The two I see skipped most often: allowlisting and sandboxing. Allowlisting means the agent can only invoke the specific tools you registered for this run — not "every tool in the system." Sandboxing means tool execution happens somewhere the blast radius is contained. If you're letting a model run shell commands, run them in a container with no host filesystem access and deny-by-default network egress:

# Run the agent's tool executor in a throwaway container.
# No host mounts, capabilities dropped, network off unless explicitly allowed.
docker run --rm \
  --network none \
  --read-only \
  --cap-drop ALL \
  --memory 512m --cpus 1 \
  --tmpfs /work:rw,size=256m \
  agent-sandbox:latest /work/run-tool.sh

That --network none plus --cap-drop ALL is the difference between a misbehaving agent that wastes some tokens and one that exfiltrates your environment variables. Prompt injection is real: the moment a tool fetches a web page or reads a user-supplied file, that content can carry instructions aimed at your model. You can't fully prevent the model from reading them — your defense is that the model can't do anything dangerous even if it's convinced to try, because the tools are allowlisted and the sandbox is locked down.

Planning, memory, and the MCP question

Two more design axes, briefly, because they're where people over-build.

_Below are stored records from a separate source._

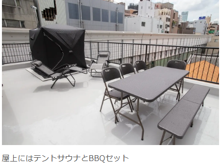 屋上には解放感あふれるテントサウナを設置。大阪ミナミの空を眺めながら、非日常の癒し時間を提供します。BBQセットも設置しており、都会の真ん中で家族やグループでのアウトドア気分を満喫できます。
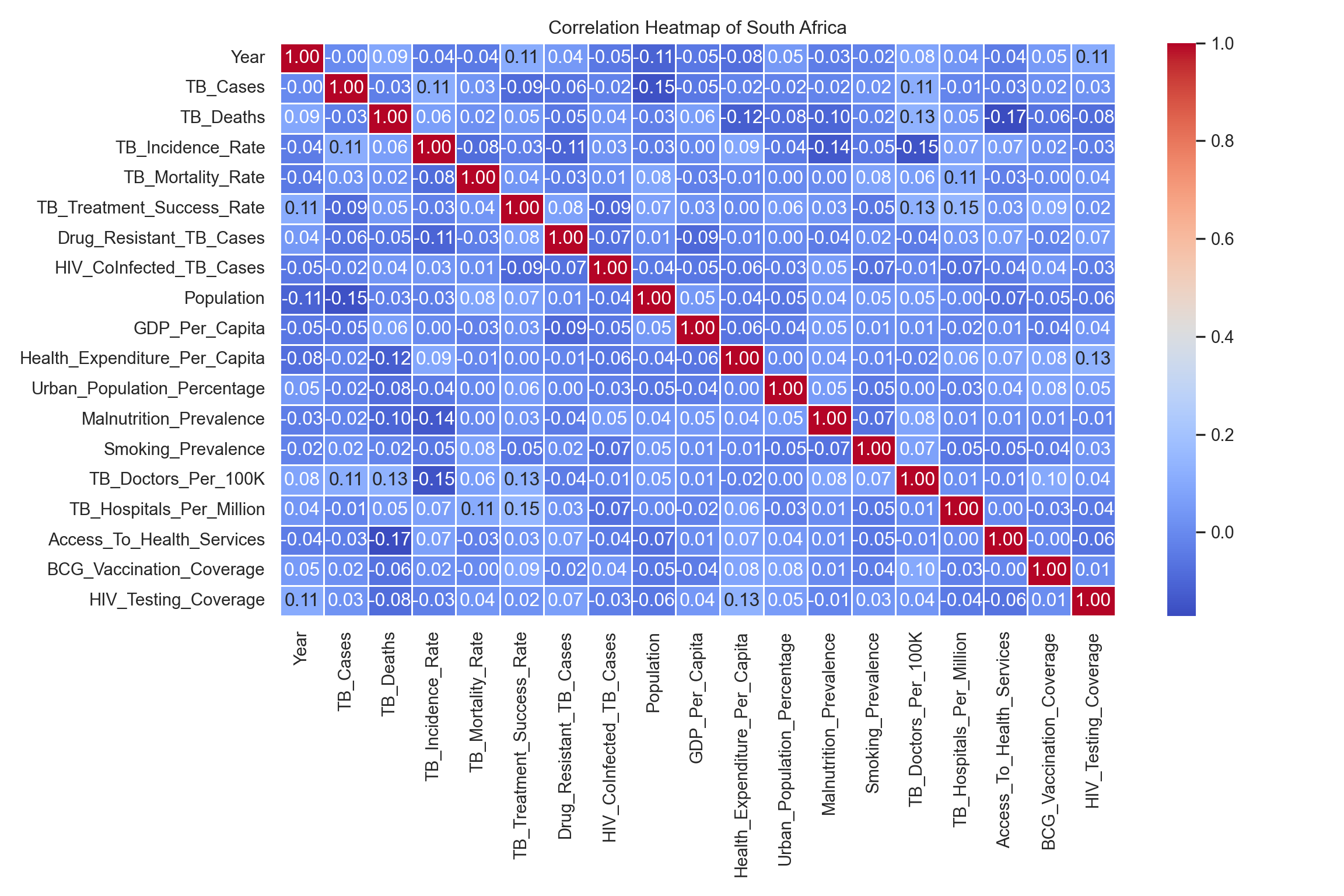 The strongest correlation observed in South Africa is the negative relationship between Access_To_Health_Services and TB_Deaths. This insight is a key takeaway: increasing access to care is potentially the single most impactful structural intervention for reducing TB mortality, which can directly inform policy and resource allocation.
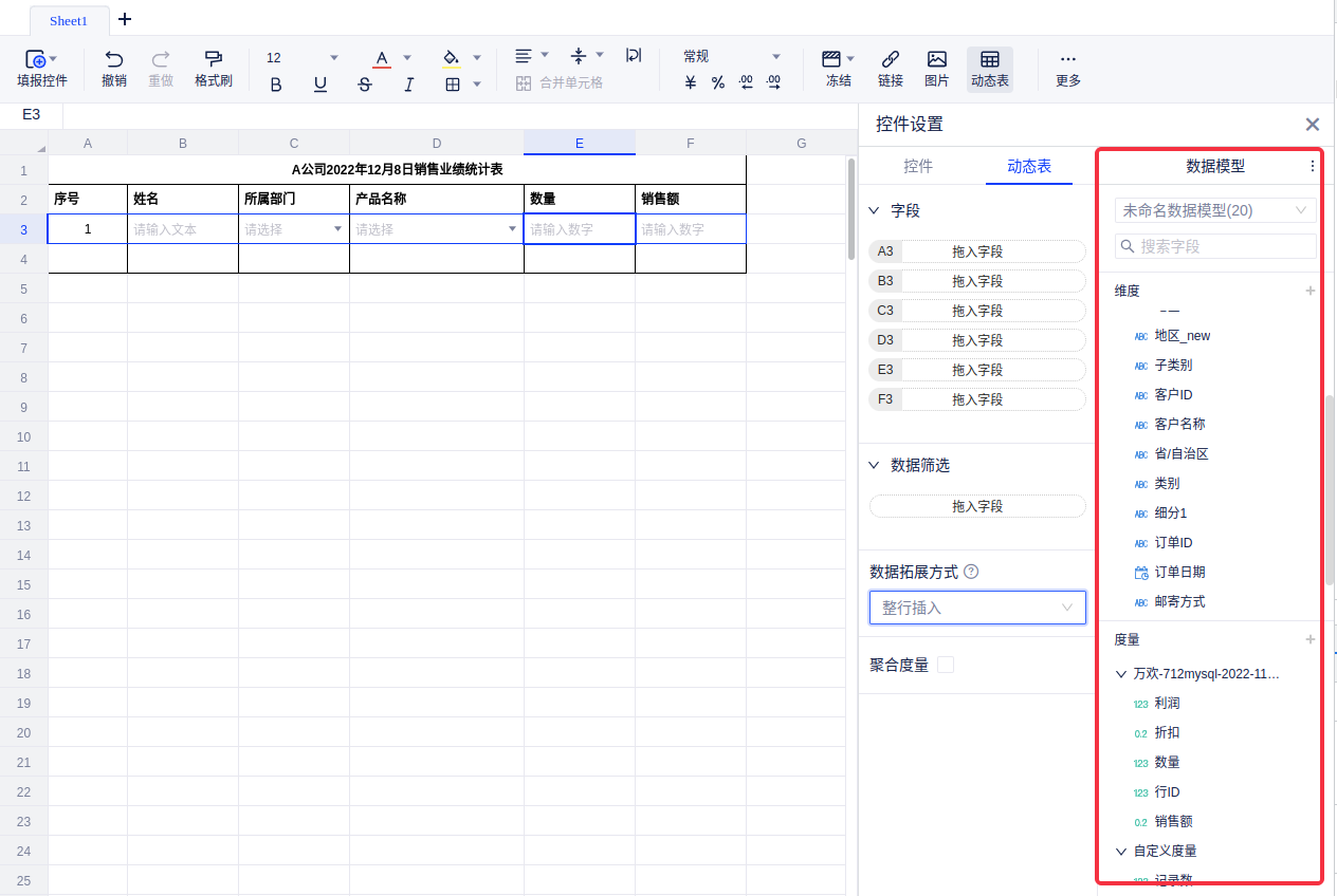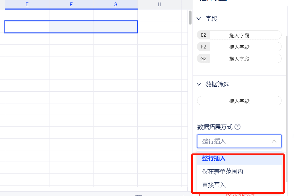 (1)动态表的数据拓展方式有三种:整行插入、仅在表单范围内和直接写入。整行插入会破坏表单已有的结构,仅在表单范围内插入则不会破坏表单已有的结构,直接写入则不允许删除和新增行,仅能在已有行中做数据修改
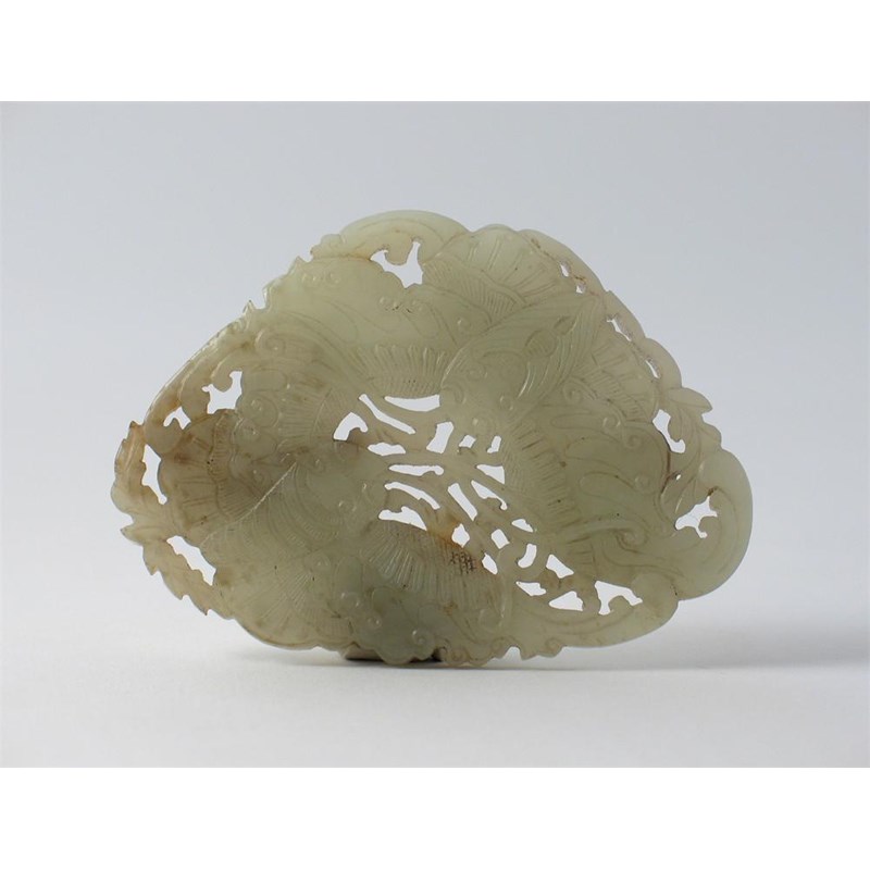 A Chinese jade belt buckle, carved with two moths, 19th century, 9cm.
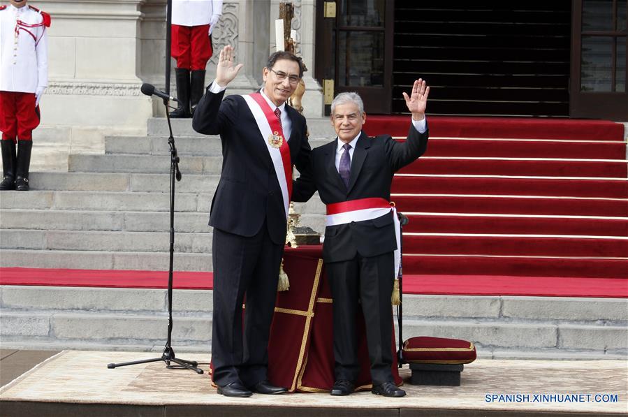 LIMA, abril 2, 2018 (Xinhua) -- El presidente peruano, Martín Alberto Vizcarra Cornejo (i-frente), y el presidente del Consejo de Ministros, Cesar Villanueva (d), posan durante la ceremonia de juramentación del primer Gabinete Ministerial, en el Patio de Honor de Palacio de Gobierno, en la ciudad de Lima, Perú, el 2 de abril de 2018. El principal partido opositor de Perú, Fuerza Popular (FP), anunció el lunes por intermedio del primer vicepresidente del Congreso, Mario Mantilla, que respaldará al nuevo equipo ministerial del presidente Martín Vizcarra. Precisó que una de sus tareas será servir de intermediario entre el Parlamento, dominado por la oposición, y el gobierno, para facilitar la gestión del equipo ministerial que acompa?ará desde este lunes a Vizcarra hasta el 2021. (Xinhua/Luis Camacho)

Planning vs. reactive. A reactive agent — the loop above — decides one step at a time. A planning agent first writes a plan, then executes it. Planning helps on long-horizon tasks where the model would otherwise lose the thread, and the newer models are good enough that an explicit "make a plan, then execute it" instruction in the system prompt often beats a separate planner module. Don't build a planning subsystem before you've tried a sentence.

Memory and state. Within a run, your messages array is the state — keep it lean by clearing tool results you no longer need. Across runs, if the agent must remember things, persist to a store and load the relevant slice at the start of the next run. Don't reach for a vector database on day one; a plain file or a row in Postgres covers most "remember the user's preferences" cases, and it's far easier to inspect when something goes wrong.

MCP. The Model Context Protocol is the emerging standard for exposing tools to LLM hosts. Instead of hand-wiring each integration into every app, you run an MCP server that advertises its tools, and any MCP-aware host can discover and call them. The payoff is reuse: write a GitHub or Postgres tool server once, and it works across Claude Code, your own agent, and any other MCP client. If you're building more than one agent, or you want your tools usable from someone else's host, MCP is worth adopting. The guardrails in this post don't change: an MCP tool is still a tool, and it still needs an allowlist, a sandbox, and a description that says when to call it.

The checklist

Before you ship anything you're calling an agent, run this:

Did you need an agent at all? If you can name the steps, it's a workflow. Build that instead.
Is there a hard step cap and a hard cost cap, with alerts on both?
Is the tool set allowlisted per run — not "everything the system can do"?
Do irreversible tools require human approval, and are they bounded at the schema level?
Does tool execution run in a sandbox with no host access and deny-by-default egress?
Is all tool output treated as untrusted data, never as instructions, with no secrets in the prompt?
Do tool errors flow back into the loop as results instead of crashing it?
Can you replay and debug a single run from its logged transcript?

Agents are the most powerful and the most dangerous pattern in this space. The power is real when the task genuinely needs runtime decision-making. The danger is that a nondeterministic loop with tools is a system that can spend your money and take real actions while you sleep. Reach for the simplest thing that works, bound everything, and earn the loop. Most of the time, the function call was the right answer all along.